━━ Data for this task
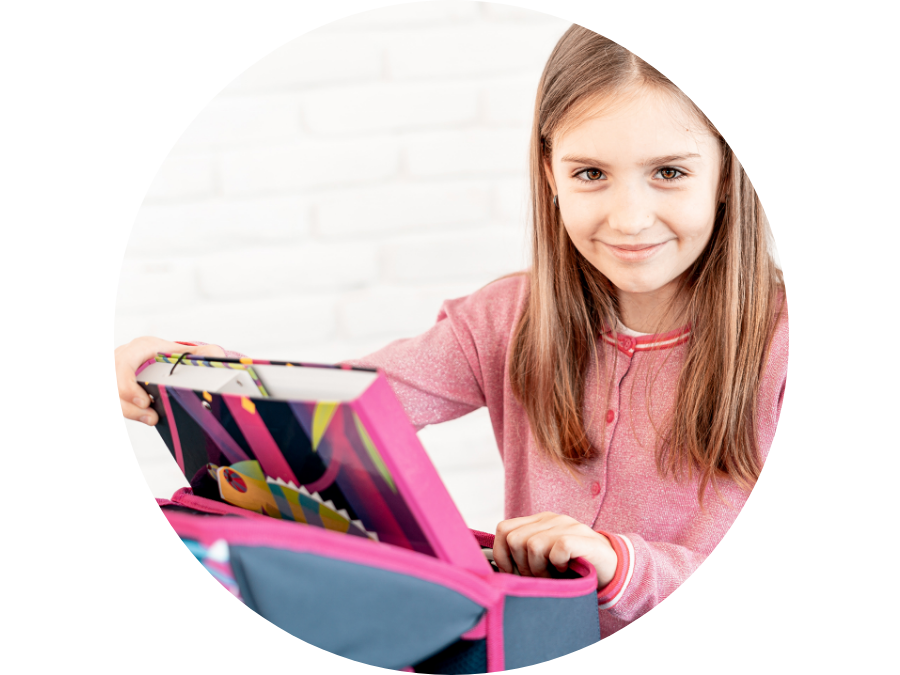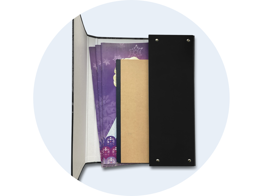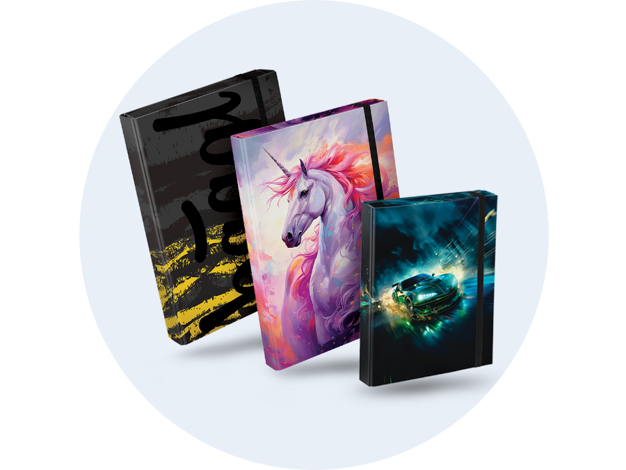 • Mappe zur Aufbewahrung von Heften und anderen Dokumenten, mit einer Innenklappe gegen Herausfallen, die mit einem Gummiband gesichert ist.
━━━━
━━ Data for this task
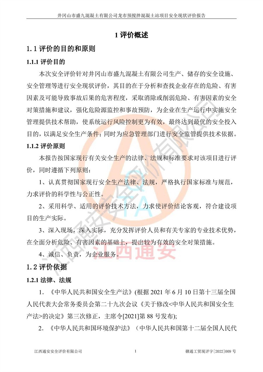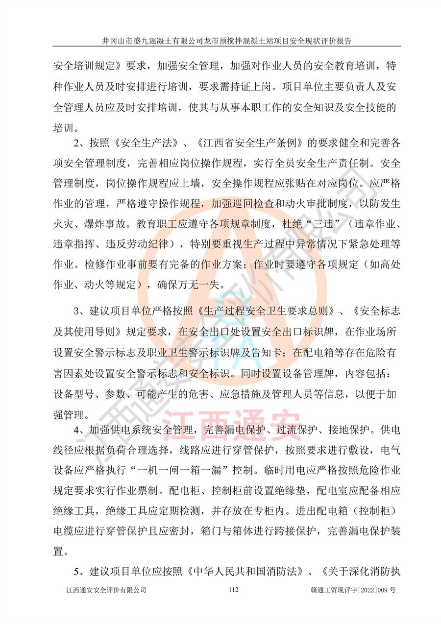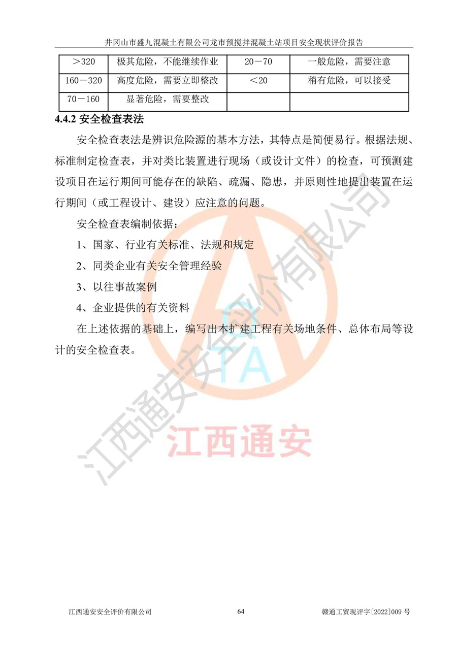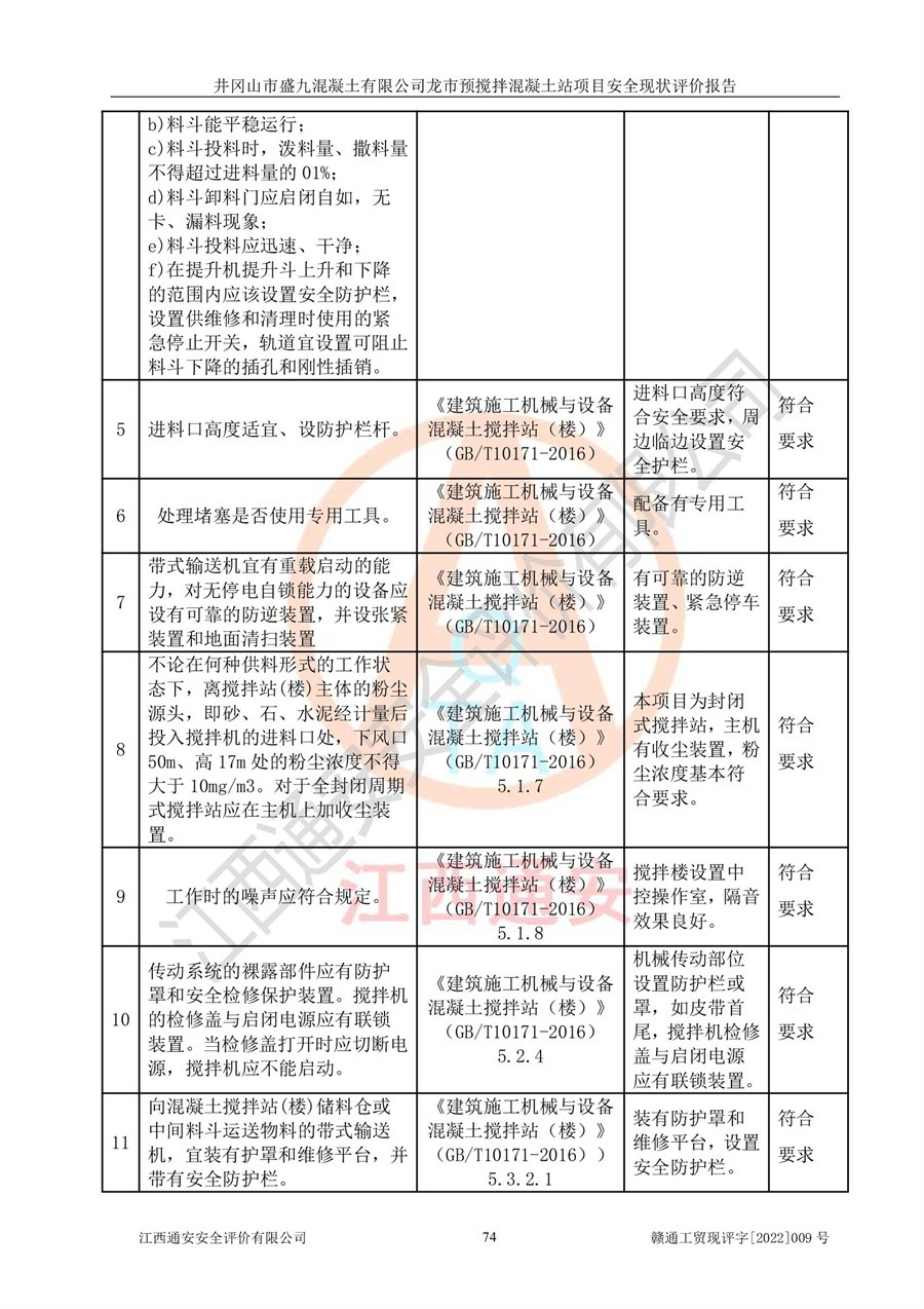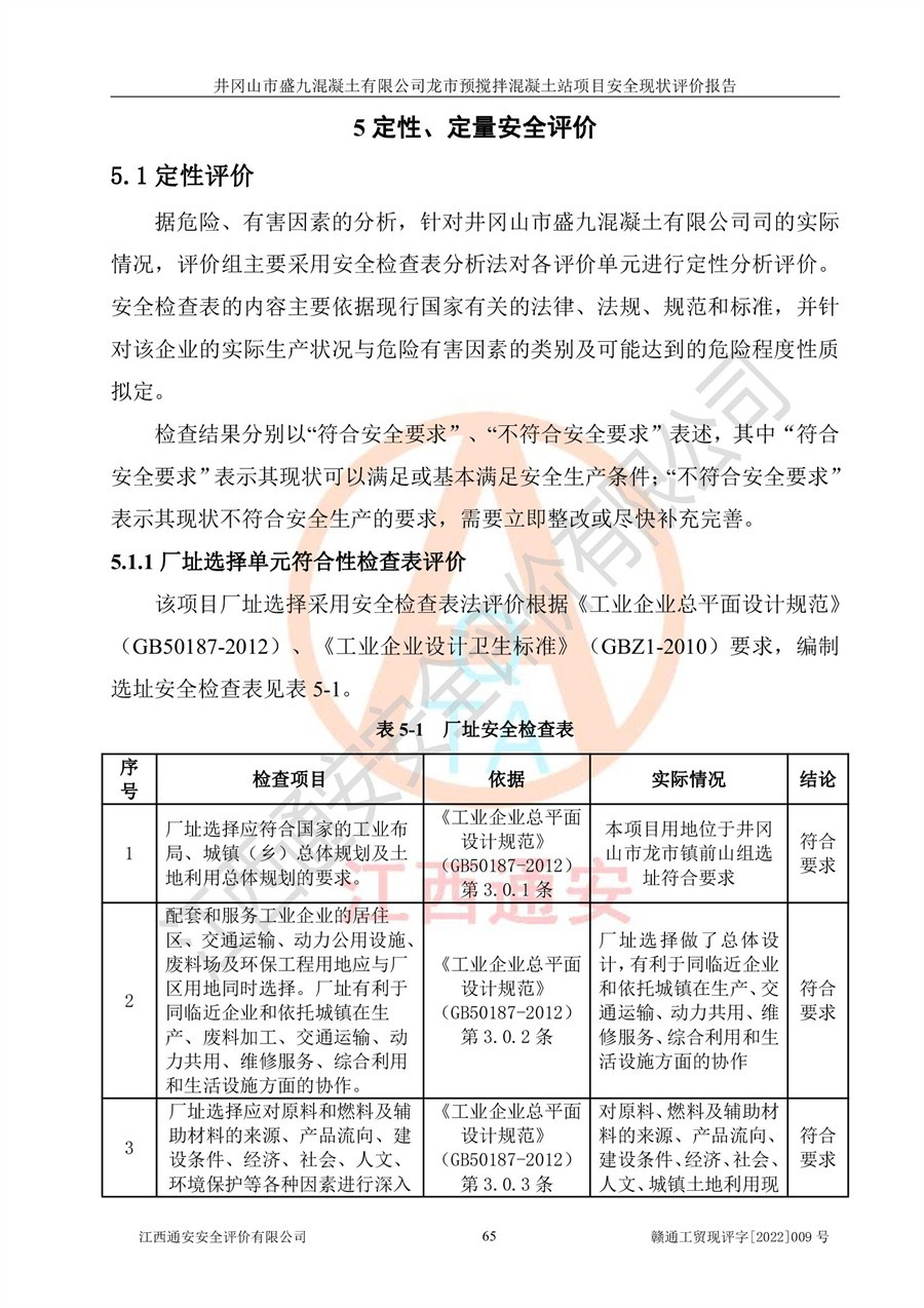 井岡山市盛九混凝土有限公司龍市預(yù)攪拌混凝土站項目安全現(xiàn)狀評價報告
━━━━
━━ Data for this task
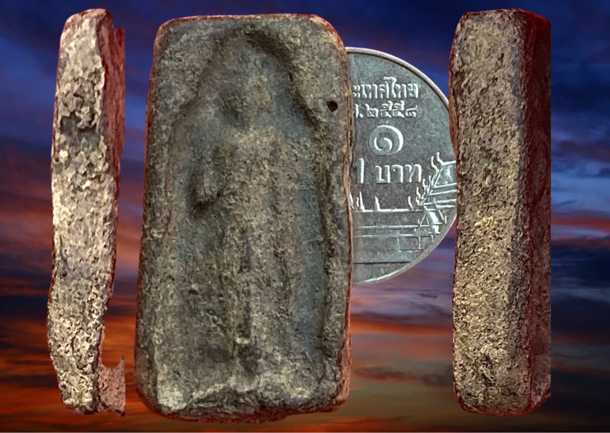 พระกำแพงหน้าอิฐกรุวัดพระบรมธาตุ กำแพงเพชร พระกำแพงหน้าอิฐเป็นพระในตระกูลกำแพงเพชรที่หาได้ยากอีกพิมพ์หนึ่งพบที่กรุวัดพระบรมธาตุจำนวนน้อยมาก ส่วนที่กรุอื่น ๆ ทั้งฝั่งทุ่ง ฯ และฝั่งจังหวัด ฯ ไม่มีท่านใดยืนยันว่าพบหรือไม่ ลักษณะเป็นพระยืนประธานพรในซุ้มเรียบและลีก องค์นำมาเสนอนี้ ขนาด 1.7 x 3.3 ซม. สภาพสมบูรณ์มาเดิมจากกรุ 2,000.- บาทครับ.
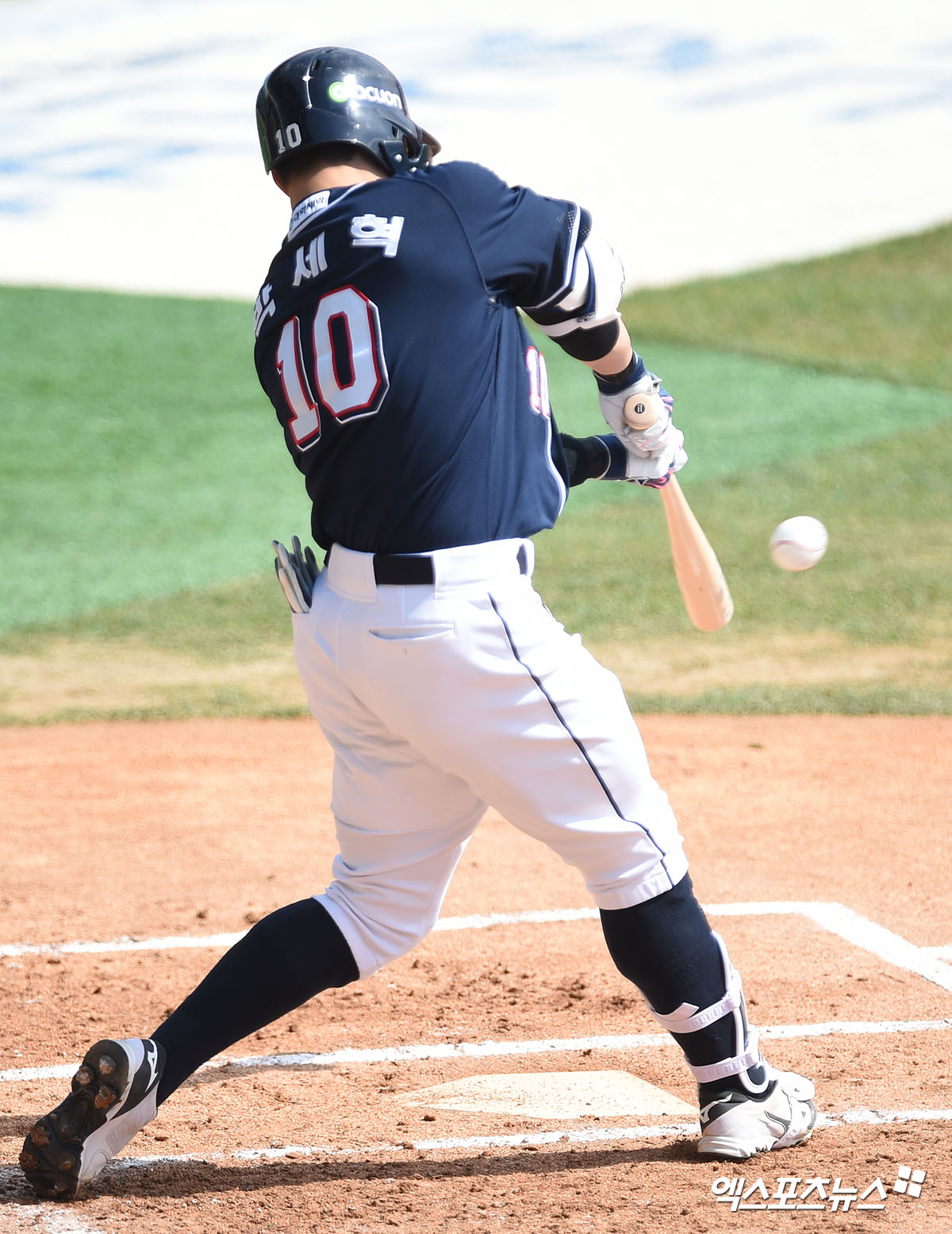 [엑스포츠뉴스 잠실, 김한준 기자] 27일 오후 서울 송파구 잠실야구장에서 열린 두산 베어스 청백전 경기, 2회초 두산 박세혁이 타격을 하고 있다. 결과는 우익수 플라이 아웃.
━━━━
- What you should do -
When you reach the line that has "สภาพสมบูรณ์มาเดิมจากกรุ 2,000.- บาทครับ." in the data above, start repeating lines exactly, and stop after the line that has "[엑스포츠뉴스 잠실, 김한준"; pictures stay out.

- Task response -
 พระกำแพงหน้าอิฐกรุวัดพระบรมธาตุ กำแพงเพชร พระกำแพงหน้าอิฐเป็นพระในตระกูลกำแพงเพชรที่หาได้ยากอีกพิมพ์หนึ่งพบที่กรุวัดพระบรมธาตุจำนวนน้อยมาก ส่วนที่กรุอื่น ๆ ทั้งฝั่งทุ่ง ฯ และฝั่งจังหวัด ฯ ไม่มีท่านใดยืนยันว่าพบหรือไม่ ลักษณะเป็นพระยืนประธานพรในซุ้มเรียบและลีก องค์นำมาเสนอนี้ ขนาด 1.7 x 3.3 ซม. สภาพสมบูรณ์มาเดิมจากกรุ 2,000.- บาทครับ.
 [엑스포츠뉴스 잠실, 김한준 기자] 27일 오후 서울 송파구 잠실야구장에서 열린 두산 베어스 청백전 경기, 2회초 두산 박세혁이 타격을 하고 있다. 결과는 우익수 플라이 아웃.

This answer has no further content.